The second was a commonly used point-dose based manual approach, representative of practice in some centres. The maximum dose to 0.1 cm^3^ was extracted from the previous plan for each of the eight OARs with combined clinical goals, converted into EQD2Gy, and subtracted from the combined clinical goals to derive patient-specific residual limits. Each required an independent check. Residuals, rescaled to 30-fractions, were manually entered for TPS optimisation objectives.
Both methods were optimised by reducing target coverage until mandatory OAR clinical goals were achieved. Optimal clinical goals were pursued when achievable without compromising target coverage.
Cumulative dose Estimation
2.4
Dose distributions from previous treatments were deformed onto reirradiation planning CTs, where each OAR was assigned an α/β value (Sup. Table S2). If a dose voxel was assigned to multiple OARs, a priority list from lowest to highest α/β value was used. Dose voxels within the external contour not designated as OARs were assigned an α/β value of 3 Gy. Both dose distributions were subsequently rescaled to EQD2Gy and summed voxel-by-voxel to evaluate the cumulative doses on the reirradiation CT. EQD2 metrics were subsequently calculated using the full set of voxels assigned to an OAR, as per the RayStation patient model.

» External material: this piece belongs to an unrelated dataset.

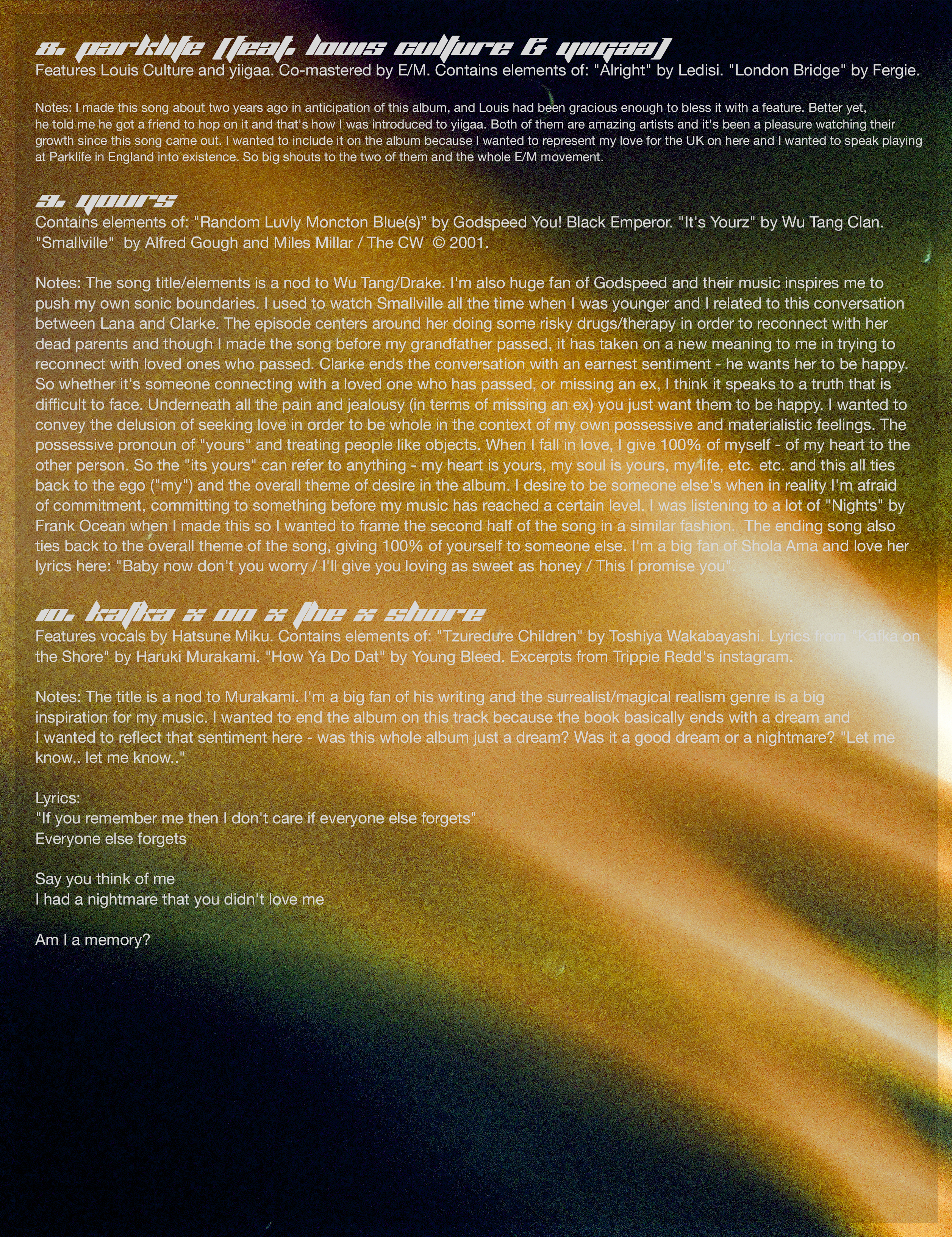 Notes: I made this song about two years ago in anticipation of this album, and Louis had been gracious enough to bless it with a feature. Better yet, he told me he got a friend to hop on it and that's how I was introduced to yiigaa. Both of them are amazing artists and it's been a pleasure watching their growth since this song came out. I wanted to include it on the album because I wanted to represent my love for the UK on here and I wanted to speak playing at Parklife in England into existence. So big shouts to the two of them and the whole E/M movement.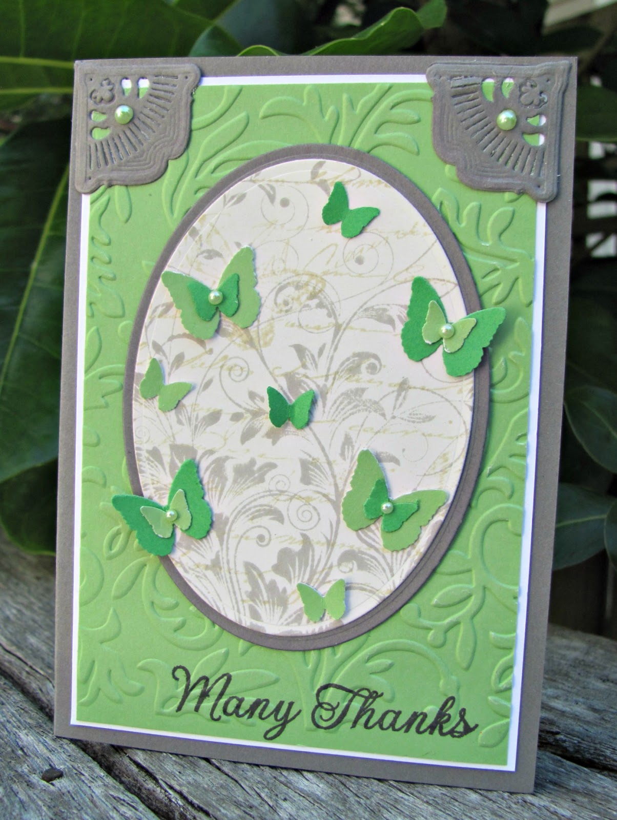 My card used three Hero Arts stamps. There are two on my oval. The background on is a collage stamp stamped in Antique Linen. The Leafy Vine is stamped in Wet Cement Shadow ink. The corners are a new Spellbinders die. Finished with A LOT of butterflies.

Robust cumulative dose estimates accounted for geometric uncertainties in DIR and dose mapping. For each OAR that had cumulative clinical goals, each OAR mapped dose voxel was resampled and replaced by the maximum dose inside a sphere generated on the unmapped previous dose and centred at the source position of the mapped dose voxel. The spherical resampling kernel radius used was the organ- and patient-specific MDA to approximate the uncertainty in image registration [8] (Sup. Table S3). Radiobiological uncertainty was addressed by assigning each OAR a published α/β range (Sup. Table S2), varying α/β in integer steps, recalculating the combined equieffective dose, and recording the largest estimate.
For each voxel, the maximum from geometric and radiobiological resampling was used for the robust dose distribution. Uncertainties were quantified separately for OAR with combined clinical goals and compared per organ to identify the dominant source.
Reirradiation plan evaluation
2.5
Plans were deemed clinically acceptable if all mandatory OAR and target clinical goals were achieved. Target coverage was assessed by comparing the dose to 99% of the planning target volume (PTV) (D_99%_) between STRIDeR and manual plans.
A consultant clinical oncologist, blinded to planning method and case order, evaluated each plan on a five-point Likert scale: 5 = clinically acceptable, no changes required; 4 = clinically acceptable with potential for minor optimisation; 3 = clinically acceptable but failed optimal OAR constraints; 2 = clinically unacceptable, replan required; 1 = unachievable with the current prescription.
The oncologist also provided a blinded comparative preference for each patient: strong, weak, or no preference, between the two plans.
Results
3
All cases achieved a clinically acceptable DIR; two initial unacceptable registrations were corrected by adding the proximal bronchial tree in one case and the pericardium in the other as additional controlling structures. Most OARs were within 2 mm MDA, except the brachial plexus, median 4.9 mm (range 4.3 mm to 5.3 mm) (Sup. Table S3).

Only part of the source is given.